Please ignore that idiotic news story linked to by Movie City News about yesterday’s Tokyo Film Festival screening of The Cove (or more specifically about a letter of complaint from a Taiji fisheries cooperative plus a bullshit threat to sue over suspected “factual errors”). And focus instead on a first-person account of the screening by Cove director Louie Psihoyos, posted a few hours after the screening.

“Today was surreal,” he describes. “Teams of news crews were turned away and banned from the film festival property. The festival planners roped off the green carpet so I had to take an escalator up to the in the screening. It was obvious they didn’t want any more press on The Cove screenings. There wasn’t a single poster up of The Cove around the grounds or the theater. Just a piece of paper taped onto the theater doors saying ‘The Cove.’

“I was shuffled away from the news crews and taken through a series of hallways and warned not to walk around because of protesters. I didn’t see any protesters.

“I had asked to introduce the film, and looking around the audience I saw many of the main characters in our film. Is that Private Space? Look, that’s the Taiji Mayor, and Moronuki. And some of the fisherman [only dressed] in suits?

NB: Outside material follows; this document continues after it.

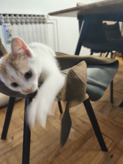 Pronađen muški mačić, žuto bijele boje, plave oči.

There’s Joji’s predecessor from the Japanese International Whaling Commission Komatsu himself, who is famous for his quote, ‘Whales are the cockroaches of the oceans.’

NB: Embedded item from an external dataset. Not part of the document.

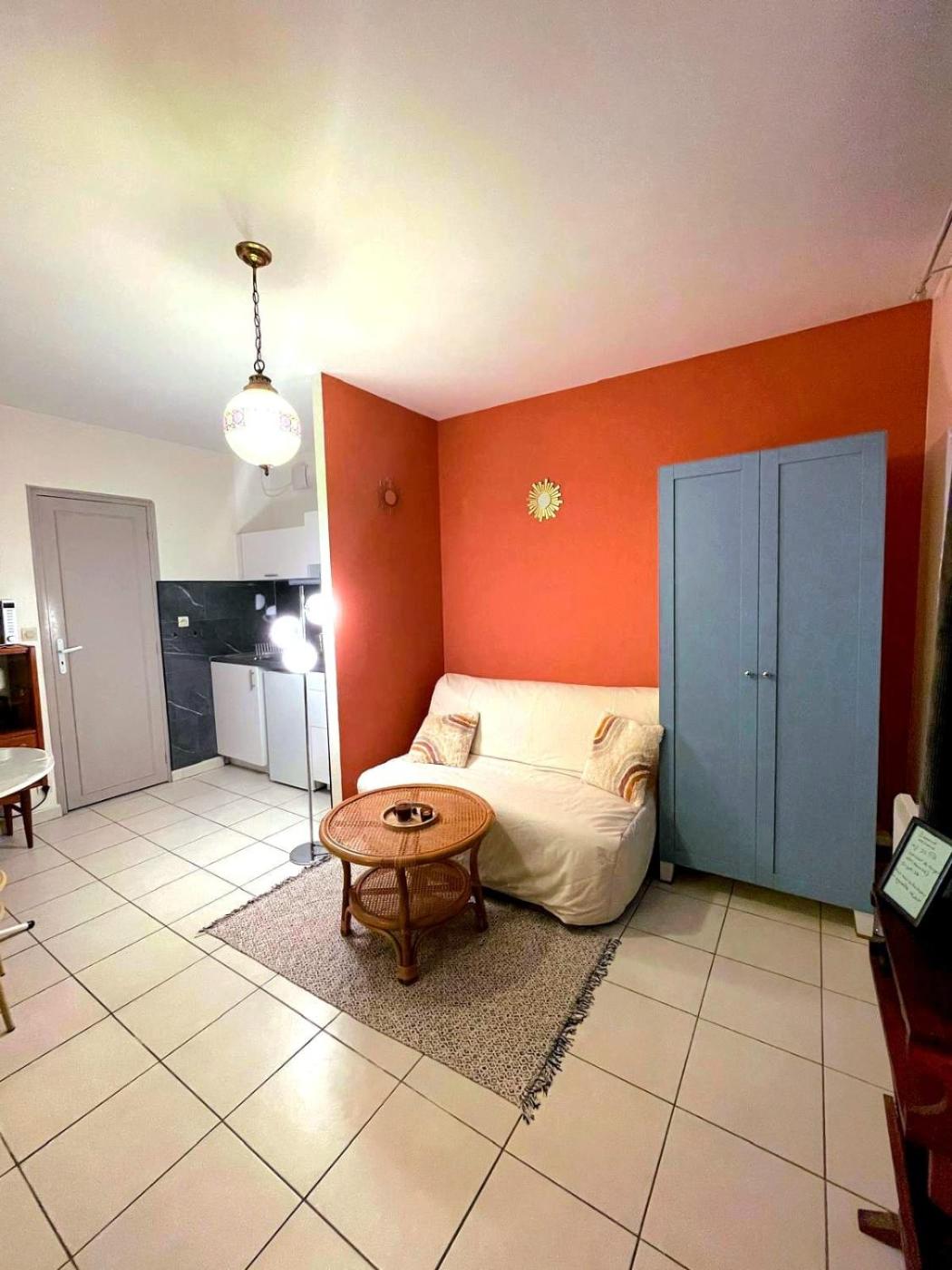 Appartement 1 Chambre. The well-equipped kitchen features a stovetop, a refrigerator, kitchenware and a microwave. The apartment offers a flat-screen TV, a washing machine, a private entrance, a tea and coffee maker as well as a quiet street view. The unit offers 2 beds.

“I was deep into enemy territory but I was armed with the most powerful weapon in the world — a film.

“The Mayor of Taiji couldn’t get tickets because the screening was sold out, so I had offered him [a] ticket allotment so his city council could attend as well. In the end it was deemed too expensive for them all to come, so I had faxed him an invitation that OPS would screen The Cove for the whole town of Taiji for an Ocean Film Festival.

“The q & a [following] the screening was mostly silent from the dark forces. Really though, how can they defend what they just witnessed?

“Moronuki got to see even more of the killing footage that I flashed to him on my iPhone in the film, but not in context with the rest of the movie. Now there he was, a few rows from the front, smiling blankly like his worst nightmares had become real and everyone in the room had come to share them. That must be what it’s like to be a politician caught on a film taking a bribe. I felt like somebody could have set him in a coffin, folded his hands over his chest, buried him and he wouldn’t have resisted.

“Komatsu, who wrote the definitive book on the Japanese defense of whaling, had his head between his knees and was frantically rubbing his temples as if trying to poltergeist a migraine. If everybody else around him wasn’t in shock, I think they would have gotten him a doctor.

“The mayor of Taiji stormed out like a man in need of a restroom. He didn’t come back. I don’t expect he’ll be following up on the offer of a Taiji Ocean Film Festival anytime soon. Lots of fishermen in nice suits with their lawyers in attendance were slinked down and shielding their faces. There were numerous threats to sue TIFF if the film was shown.

“The question came up, and I said, ‘The dolphin hunters said they were proud of their profession, so what are they afraid of? The Taiji mayor said they only closed off the cove because of danger of falling rocks. I watched the cove for weeks and didn’t see any falling rocks. So I put in some of my own to see for sure.’ That got laughs from the ex-pat community and the mostly sympathetic Japanese community.

“I told the audience that as much as we all feel that the film is about animal rights, the way to win the argument is through human rights. Dolphin meat is toxic, all of it. The meat violates Japanese Health laws, and I called for the new Ministries of Health under the new political party to enforce their health laws. The LDP was in power in Japan for 53 years. Since WWII. A corrupt oligarchy whose four-lane highways to nowhere are the stuff of legend. They subsidized the whaling industry with hundreds of millions of taxpayer dollars. The new government is shutting down those large construction projects, and of course were all hoping whaling gets shut down too.

“I told the audience that if Japan shut down whaling and joined the International community on this issue, their economy would soar. I said whale watching has earned far more money than whale killing has ever made, even when one compensates for the value of money then and now. All whaling and dolphin killing accounts for only 1/10th of one percent of the toothbrush market in their huge economy, but it stains their international reputation to no end.”